Is evidence that an adult male made repeated offers to take a ten-year old girl on outings with him and at one time offered her the keys to his apartment legally sufficient to support a conviction for second degree kidnapping, where the man had only a passing acquaintance with the girl, his offers were unsolicited by the girl or her mother, and where the girl refused all the man’s requests to meet with her or to accept the keys to his apartment?

The Court of Appeals was confronted with this question recently in People v. Denson. As discussed previously, a 5-1 majority of the Court rejected Denson’s argument that the trial court erred in admitting evidence of his 1978 conviction for sexual abuse of his stepdaughter. But that was not all there was to this appeal.

Denson’s other argument raised the sufficiency of evidence issue mentioned above. The issue merited consideration because at no time did the defendant use any physical force against the girl; nor did she ever begin to accompany the defendant on any outing that he proposed to her. All of the defendant’s alleged efforts to attempt to kidnap the girl consisted only of offers to take her on outings or to provide her with the keys to his apartment – all of which the girl refused.

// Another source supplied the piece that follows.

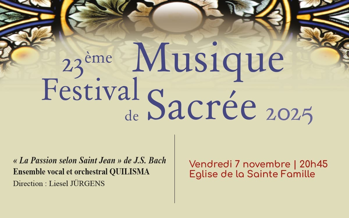 Eglise de la Sainte-Famille Vendredi 7 novembre à 20h45 Ensemble vocal et orchestral QUILISMA – Direction : Liesel JURGENS Festival INVendredi 7 novembre à 20h45 – Eglise de la Sainte-Famille Infos pratiques Festival IN : Tarif plein 15 € / réduit : 12€. Gratuit – de 18 ansBilletterie en ligne ou sur place le soir du […]
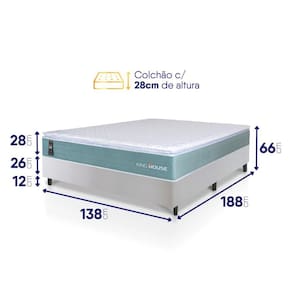 - Altura: 54 cm (colchão) + 12 cm (box) = 66 cm de altura;

The applicable statutes relating to kidnapping and Court of Appeals precedents on attempt required the prosecutor to prove beyond a reasonable doubt that the defendant “must have engaged in conduct that came dangerously near commission of the completed crime,” which completion here would involve abducting the girl and holding her in a place where she would “not likely be found.” After all evidence was presented in a nonjury trial, the trial court found that the prosecutor met this burden.

On appeal to the Court of Appeals, Denson argued that the trial evidence was legally insufficient (1) to show his intent to abduct the girl and (2) to show evidence of an attempt to commit the actus reus of abduction.

In a decision issued on October 27, 2015, a 5-1 majority of the Court of Appeals, applying the standard of review for challenges to the legal sufficiency of evidence, found that, viewing the evidence in the light most favorable to the prosecution, the trial judge as factfinder could reasonably conclude that all elements of attempted kidnapping were proven beyond a reasonable doubt.

With respect to intent, the Court found the circumstantial evidence at trial, which included testimony by the girl’s mother and admissible evidence of defendant’s prior conviction, sufficient to withstand the sufficiency of evidence challenge.

With respect to the actus reus attempt element, Denson argued that because the trial evidence showed that the girl never acquiesced to any of his offers, the evidence was legally insufficient to show that he came “dangerously near” to abducting her. The Court disagreed, stating that its case law focuses primarily on evidence of a defendant’s conduct, which in this case included defendant’s 30 to 40 offers to meet alone with the girl. The Court added that if it were to accept defendant’s argument, a kidnapping defendant “could never be guilty of attempt because the crime charged could not be completed without the acquiescence of the victim.” The Court held that “under the circumstances of this case, a rational factfinder could conclude that defendant had moved beyond mere preparation to the point that his conduct was potentially and immediately dangerous.”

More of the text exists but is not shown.